“And we know that for those loving God all things work together for good, to those called according to his purpose.” (Romans 8:28)
Romans 8:28 may be the most known and best-loved promise in the Bible. Many believers throughout the history of the church have found comfort in this great promise. We all face hard and painful circumstances, some more that others. This promise can be balm for our wounded hearts. But, as with all promises, it is important to understand the promise in its context, if we are to receive the grace we need. Therefore, two things are important to understand.
First, the promise says that God works all things together for good. It does not say that all things are good. Many bad things, evil things and sinful things happen in this broken and fallen world. They are not good. It is not that God allows bad things to happen and then calls them good. God allows bad things to happen and then works in them to redeem them for the good of his people. The greatest evil in the history of the world was also the greatest good in the history of the world, the cross of Jesus Christ. When we suffer or grieve or struggle over hard things, when we feel deeply the pain of life, we are not negating this promise. God promises he will work in them for good. The sober reality is that we may never totally grasp the full dimensions of that good. But we believe it is there. The point is that God is working even in inexplicably painful situations.
The second thing we need to understand about this promise is the good to which God is working in all the various circumstances of life. What is the ultimate good (his purpose) towards which God is moving our lives and human history? It is important to know that our lives are closely intertwined with every other life, and that God is working in each life and all our lives for his purposes not ours. The world and God’s plan is bigger that our small slice of it. But the question remains, what is the ultimate good towards which God is working? We find the answer to our question in verses 29 and 30 of Romans 8.
Romans 8:29-30 begins with the word “because” and then lists a series of cosmic divine actions through which God brings the ultimate good for his people.
“Because whom he foreknew, he also predestined to be conformed to the image of his Son that he might be the first-born among many brothers; and whom he predestined, those he also called; and whom he called, those he also justified; and whom he justified, those he also glorified.” (Romans 8:29-30)

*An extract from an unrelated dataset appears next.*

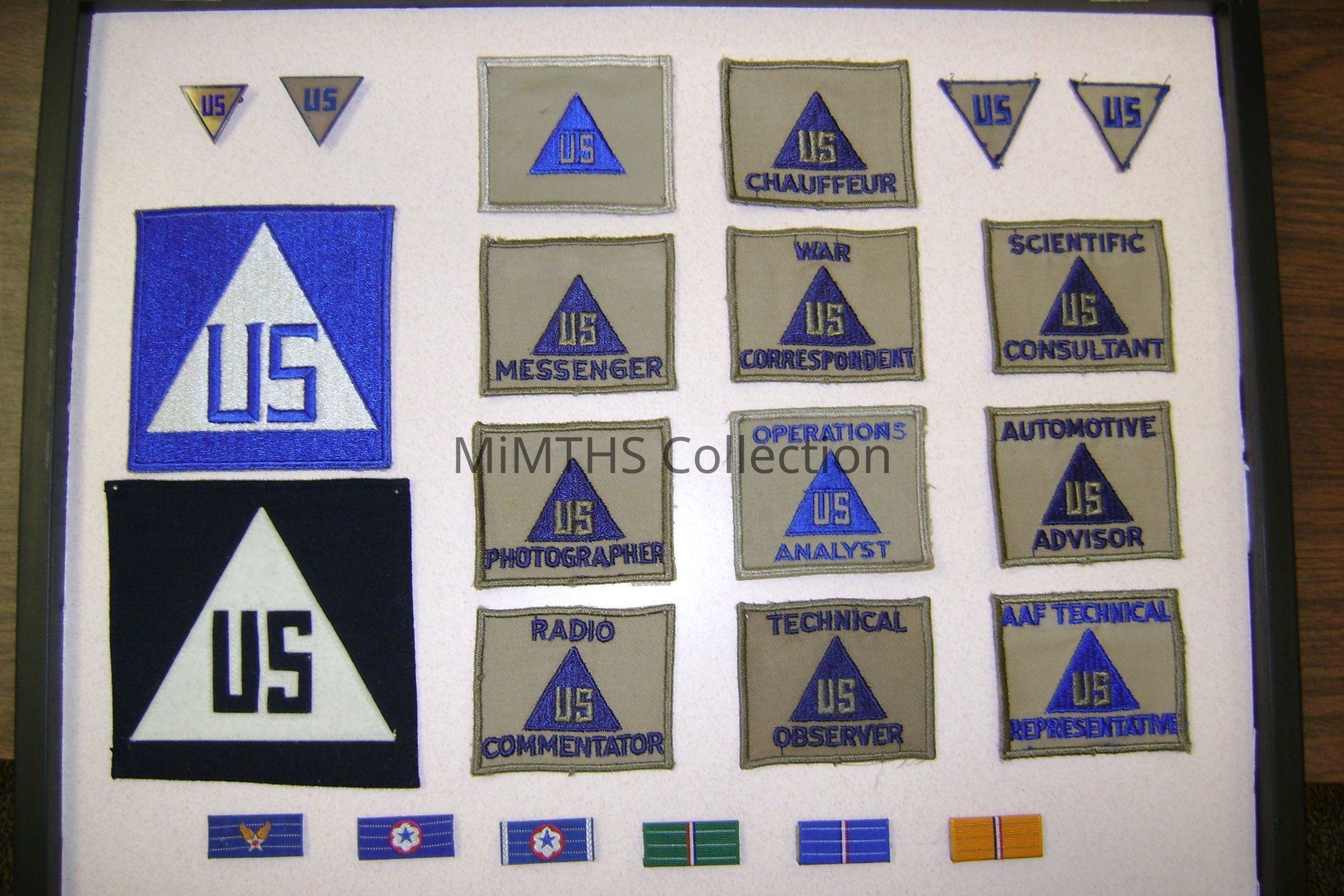 15"x19" framed case with WWII era US Army Civillian insignia.

The ultimate good to which God is working all circumstances in life is the salvation of his people and their presence with him in eternity. Paul calls the pain and suffering of this life, “this light and momentary afflictions.” They seem anything but light and momentary, but they are. He goes on to say that they are “preparing for us an eternal weight of glory beyond all comparison” (2 Corinthians 4:17). We must find the faith, with his help, to trust the promise.
This promise does not guarantee our creature comforts, or that everything will work out as we please. It does promise that God is working in everything to bring us to heaven. This really can give us great joy and peace. When we face troubling and painful circumstances, we can claim this promise, trusting that God is at work on our behalf. We can trust him even as we weep and question why. He is there to sustain us. He does it through this and other promises.
What is it that’s troubling you now? What difficult set of circumstances are you struggling with in your life? These circumstances may be partially or mostly of your own making, or they may be completely undeserved and unforeseen. You may have to deal with that too. But whatever the case may be, if you are a true believer in Jesus Christ, God is at work in your life. This promise can be used to stabilize your soul and bring you joy and peace. Meditate on this promise in light of what’s happening now in your life no matter how large or small the problem may be. Talk to God about it. He understands and he cares. He will walk with you through every dark valley.